Als Alzinde, die Königin des Diamantenreiches, Nachricht vom Schlachtensieg ihres Gemahls erhält, lässt sie aus Dankbarkeit dafür den Tempel des Dämons Moisasur zerstören und an seiner Stelle einen Tempel der Tugend errichten. Erzürnt darüber verflucht Moisasur das Reich und seine Königin:

„Dein Volk, die Diener deines Hofs, wem Blut nur in den Adern kreist, Mensch oder Tier, das steh' erstarrt und wandle sich in Stein!“ (Erster Aufzug, dritte Szene)[4]

Alzinde selbst wird in ein altes Weib verwandelt und in ein fernes Land verbannt. Der Fluch kann nur beendet werden, wenn sie in den Armen des Todes Freudentränen weint.

Alzinde findet sich auf einer Alpe wieder, wo Gluthahns Besitz liegt. Sein Weib Trautel quält er mit Grobheit („Vor dreißig Jahren hat s' mich einmal um fünf Gulden betrogen, das vergiß ich ihr noch nicht.“), er verweigert ihr trotz schwerer Krankheit die Hilfe des Baders. Als Alzinde in der Gestalt des alten Weibes kommt, verjagt er sie brutal von seinem Hof:

„Was unterstehst du dich, an meiner Tür willst du da sterben? A solche Ungelegenheit, daß ich dich noch begraben lassen könnt'; gehst hinunter übern Berg und schaust dich im ein Platzel um, wost' hinwerden kannst.“ (Erster Aufzug, neunte Szene)[5]

Die Unglückliche findet Unterschlupf bei einer armen Steinbrecherfamilie.

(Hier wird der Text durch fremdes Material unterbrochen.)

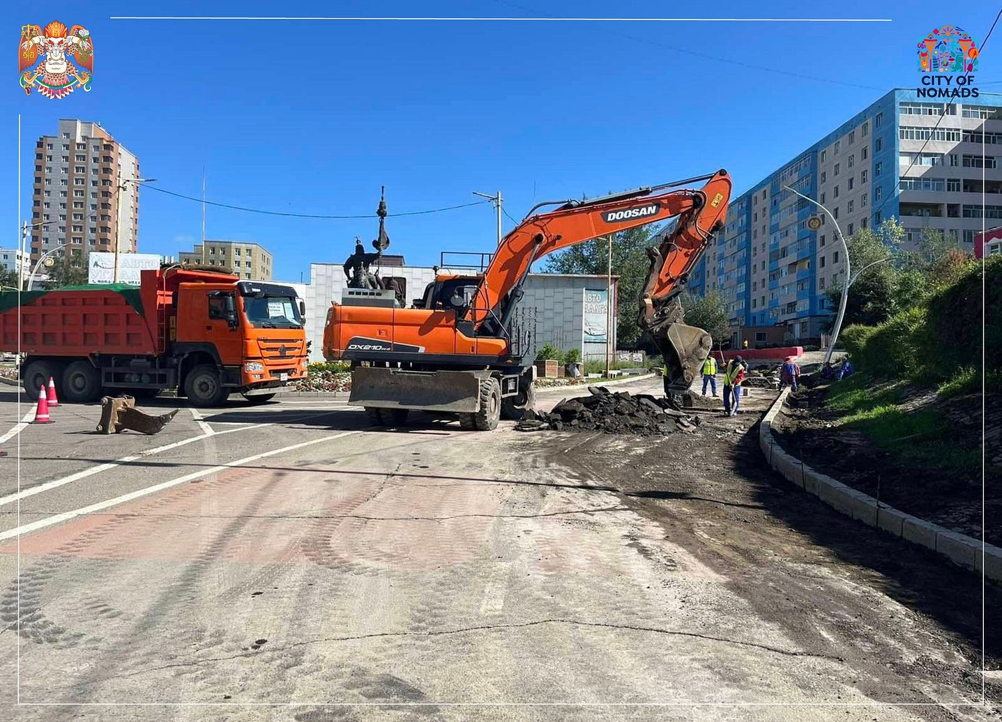 | 25 дугаар эмийн сангийн уулзвараас "Өргөө" кино театрын уулзвар хүртэлх авто замын эвдрэлийг засварлаж байна |

Als jedoch Gluthahn bemerkt, dass sie Diamanten weint, entführt er sie:

„Das Weib laß' ich nicht aus, mein Herz ist z' gut, die nehm' ich auf.“ (Erster Aufzug, elfte Szene)[6]

Inzwischen lässt der Genius der Tugend Hoanghu im Traum Alzindes Los und das seines Reiches sehen. Hoanghu schwört, für die Rettung seiner Gattin jedes Opfer zu bringen.

Gluthahn will Alzinde wegen ihrer diamantenen Tränen an den Juwelierhändler Rossi verkaufen. Dieser durchschaut aber Gluthahns Bösartigkeit und lässt beide zum Gericht bringen. Der Bauer klagt über diese „Ungerechtigkeit“:

„So kommt man mit sein' guten Herzen an!“ (Zweiter Aufzug, fünfte Szene)[7]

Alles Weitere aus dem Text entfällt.